## To do:
Could you output the whole listing exactly as it stands, minus any images?

--- START ---

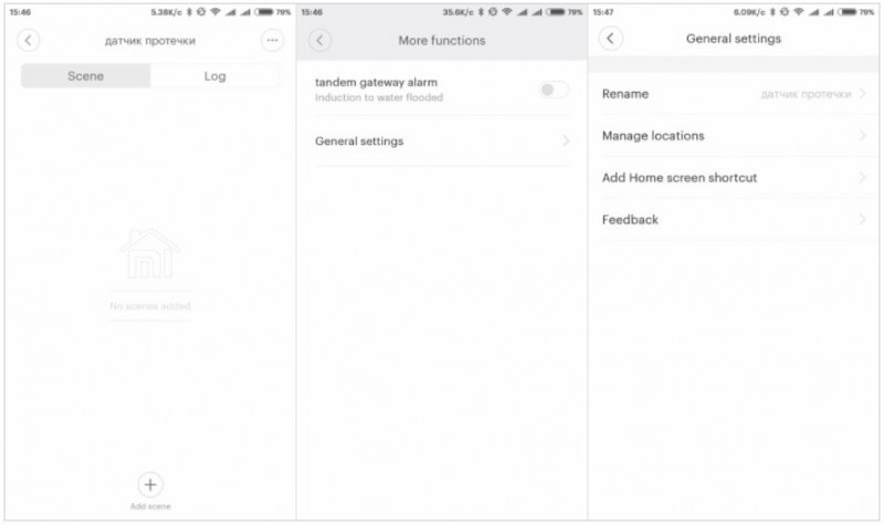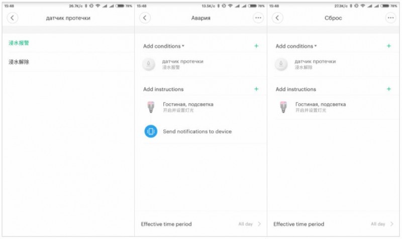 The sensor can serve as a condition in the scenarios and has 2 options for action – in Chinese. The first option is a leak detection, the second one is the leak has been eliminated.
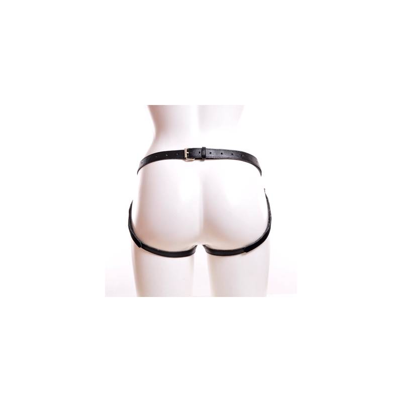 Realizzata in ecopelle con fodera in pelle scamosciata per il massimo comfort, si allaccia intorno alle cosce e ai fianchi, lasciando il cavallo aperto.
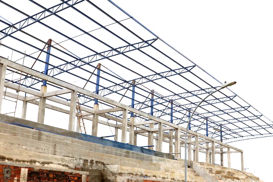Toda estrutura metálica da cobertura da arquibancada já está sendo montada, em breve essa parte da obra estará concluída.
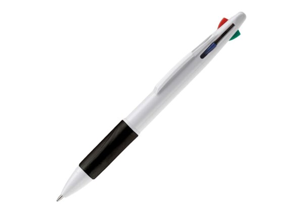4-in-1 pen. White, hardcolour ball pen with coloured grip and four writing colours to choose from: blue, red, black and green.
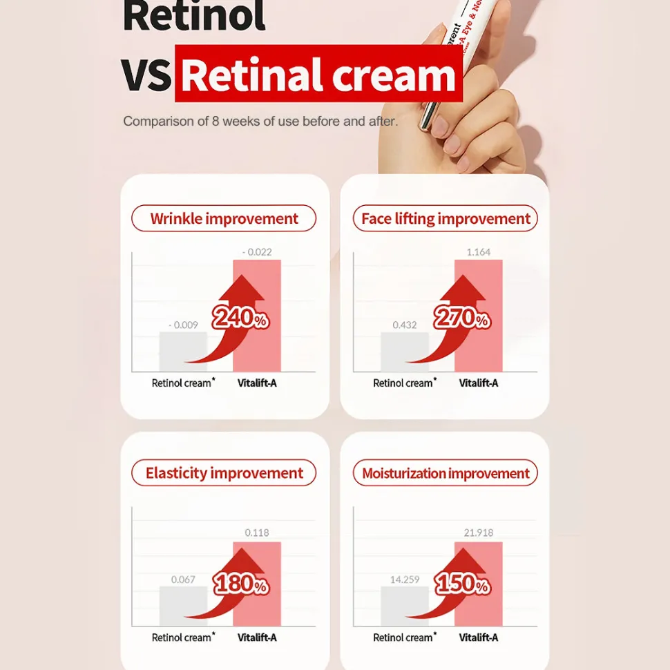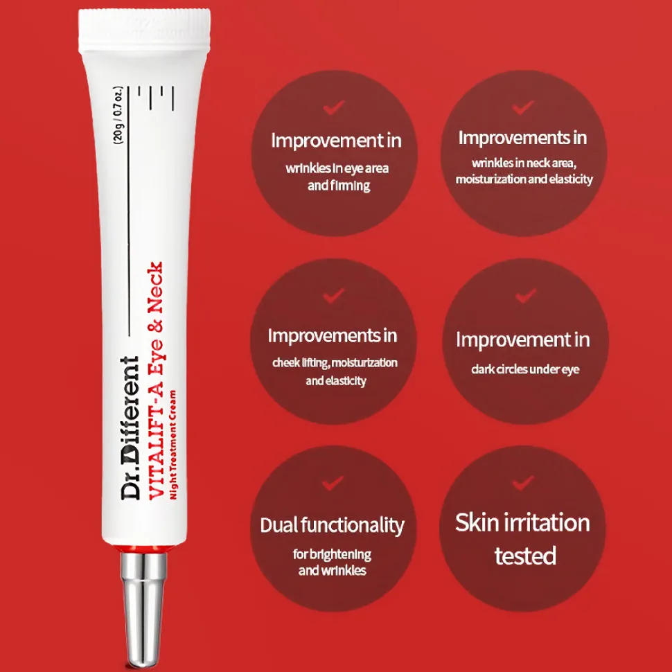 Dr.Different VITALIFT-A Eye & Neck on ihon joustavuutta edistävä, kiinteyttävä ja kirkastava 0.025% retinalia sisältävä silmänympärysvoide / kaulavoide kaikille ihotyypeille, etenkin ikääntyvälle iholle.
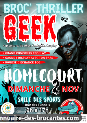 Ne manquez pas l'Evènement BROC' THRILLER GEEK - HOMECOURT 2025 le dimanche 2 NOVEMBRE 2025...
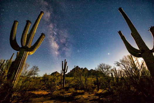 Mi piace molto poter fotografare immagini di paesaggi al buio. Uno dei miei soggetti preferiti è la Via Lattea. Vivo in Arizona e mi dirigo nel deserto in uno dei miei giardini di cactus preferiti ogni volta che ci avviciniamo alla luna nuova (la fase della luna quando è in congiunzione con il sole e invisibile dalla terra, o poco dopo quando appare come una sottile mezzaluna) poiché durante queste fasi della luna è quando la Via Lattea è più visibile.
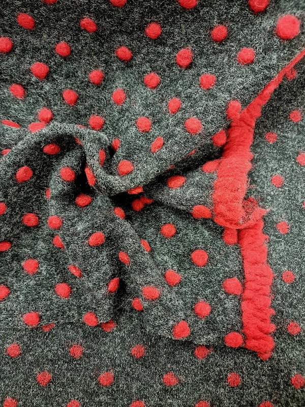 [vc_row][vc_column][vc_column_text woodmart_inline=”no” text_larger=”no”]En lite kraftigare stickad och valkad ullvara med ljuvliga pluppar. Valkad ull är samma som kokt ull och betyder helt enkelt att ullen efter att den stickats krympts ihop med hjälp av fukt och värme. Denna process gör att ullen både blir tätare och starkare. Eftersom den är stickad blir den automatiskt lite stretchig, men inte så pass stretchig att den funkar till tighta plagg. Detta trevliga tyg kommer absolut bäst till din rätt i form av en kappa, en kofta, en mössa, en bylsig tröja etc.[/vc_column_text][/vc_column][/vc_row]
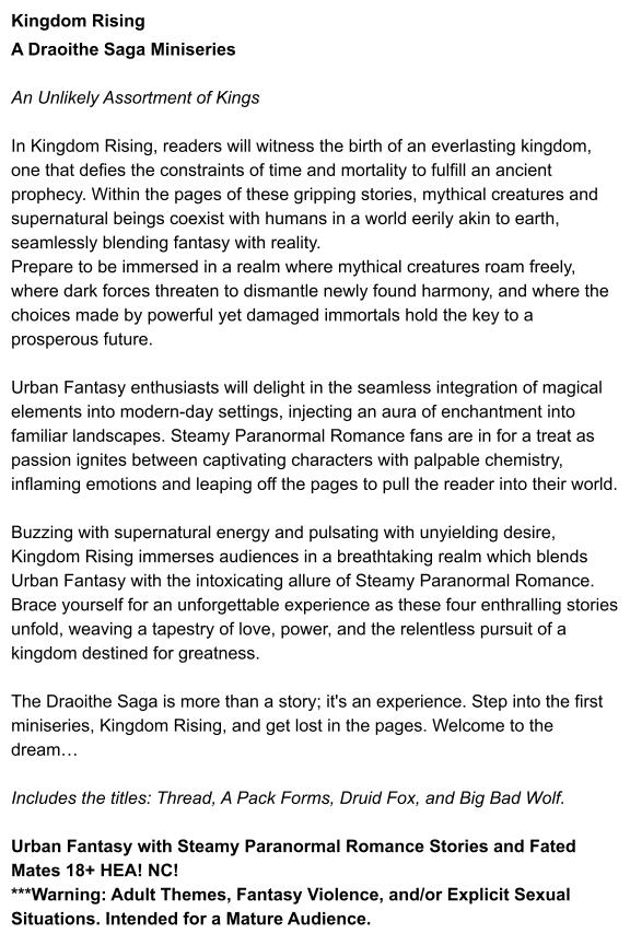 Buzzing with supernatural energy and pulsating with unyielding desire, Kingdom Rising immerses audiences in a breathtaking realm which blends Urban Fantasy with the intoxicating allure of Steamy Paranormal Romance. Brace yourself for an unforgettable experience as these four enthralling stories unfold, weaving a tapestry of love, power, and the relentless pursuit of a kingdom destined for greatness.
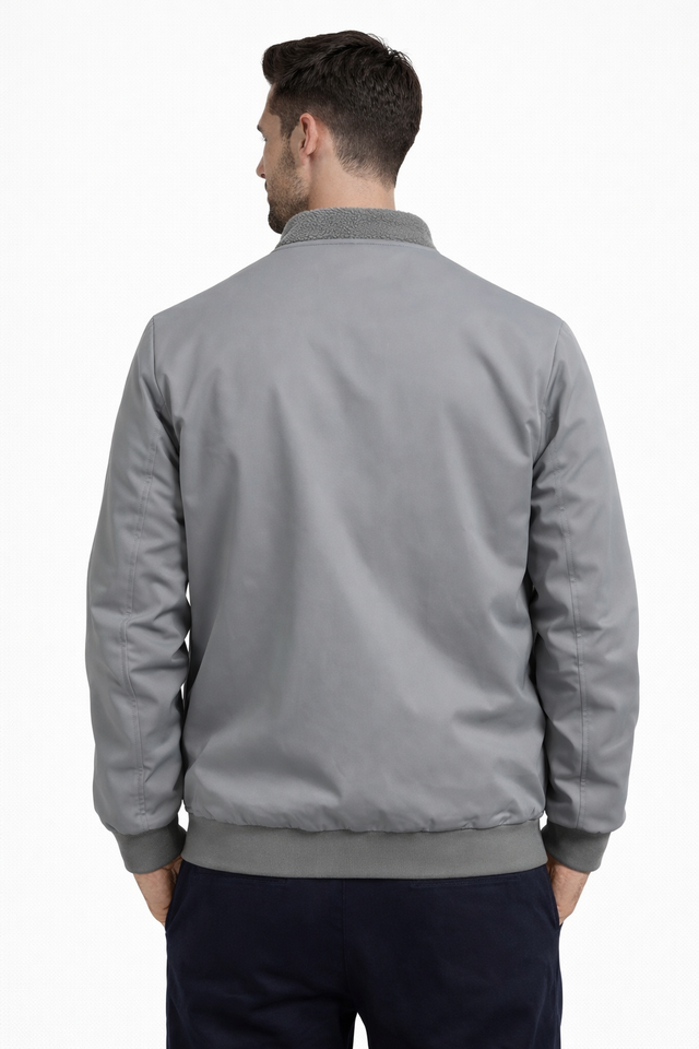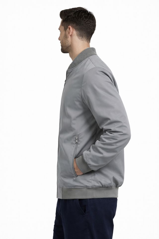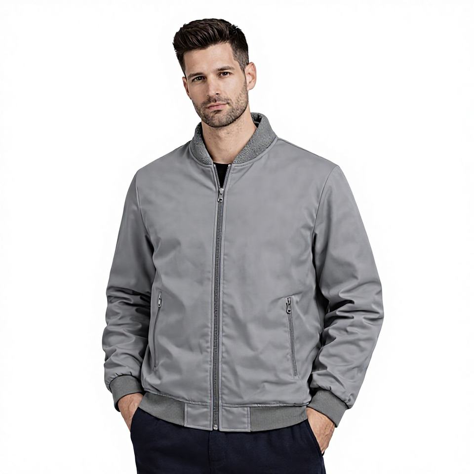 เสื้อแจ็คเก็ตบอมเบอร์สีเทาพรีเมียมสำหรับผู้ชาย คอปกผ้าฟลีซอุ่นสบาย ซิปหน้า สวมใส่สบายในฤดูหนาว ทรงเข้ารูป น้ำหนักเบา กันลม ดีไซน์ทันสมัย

--- END ---

## Exercise result:
 The sensor can serve as a condition in the scenarios and has 2 options for action – in Chinese. The first option is a leak detection, the second one is the leak has been eliminated.
 Realizzata in ecopelle con fodera in pelle scamosciata per il massimo comfort, si allaccia intorno alle cosce e ai fianchi, lasciando il cavallo aperto.
Toda estrutura metálica da cobertura da arquibancada já está sendo montada, em breve essa parte da obra estará concluída.
4-in-1 pen. White, hardcolour ball pen with coloured grip and four writing colours to choose from: blue, red, black and green.
 Dr.Different VITALIFT-A Eye & Neck on ihon joustavuutta edistävä, kiinteyttävä ja kirkastava 0.025% retinalia sisältävä silmänympärysvoide / kaulavoide kaikille ihotyypeille, etenkin ikääntyvälle iholle.
 Ne manquez pas l'Evènement BROC' THRILLER GEEK - HOMECOURT 2025 le dimanche 2 NOVEMBRE 2025...
 Mi piace molto poter fotografare immagini di paesaggi al buio. Uno dei miei soggetti preferiti è la Via Lattea. Vivo in Arizona e mi dirigo nel deserto in uno dei miei giardini di cactus preferiti ogni volta che ci avviciniamo alla luna nuova (la fase della luna quando è in congiunzione con il sole e invisibile dalla terra, o poco dopo quando appare come una sottile mezzaluna) poiché durante queste fasi della luna è quando la Via Lattea è più visibile.
 [vc_row][vc_column][vc_column_text woodmart_inline=”no” text_larger=”no”]En lite kraftigare stickad och valkad ullvara med ljuvliga pluppar. Valkad ull är samma som kokt ull och betyder helt enkelt att ullen efter att den stickats krympts ihop med hjälp av fukt och värme. Denna process gör att ullen både blir tätare och starkare. Eftersom den är stickad blir den automatiskt lite stretchig, men inte så pass stretchig att den funkar till tighta plagg. Detta trevliga tyg kommer absolut bäst till din rätt i form av en kappa, en kofta, en mössa, en bylsig tröja etc.[/vc_column_text][/vc_column][/vc_row]
 Buzzing with supernatural energy and pulsating with unyielding desire, Kingdom Rising immerses audiences in a breathtaking realm which blends Urban Fantasy with the intoxicating allure of Steamy Paranormal Romance. Brace yourself for an unforgettable experience as these four enthralling stories unfold, weaving a tapestry of love, power, and the relentless pursuit of a kingdom destined for greatness.
 เสื้อแจ็คเก็ตบอมเบอร์สีเทาพรีเมียมสำหรับผู้ชาย คอปกผ้าฟลีซอุ่นสบาย ซิปหน้า สวมใส่สบายในฤดูหนาว ทรงเข้ารูป น้ำหนักเบา กันลม ดีไซน์ทันสมัย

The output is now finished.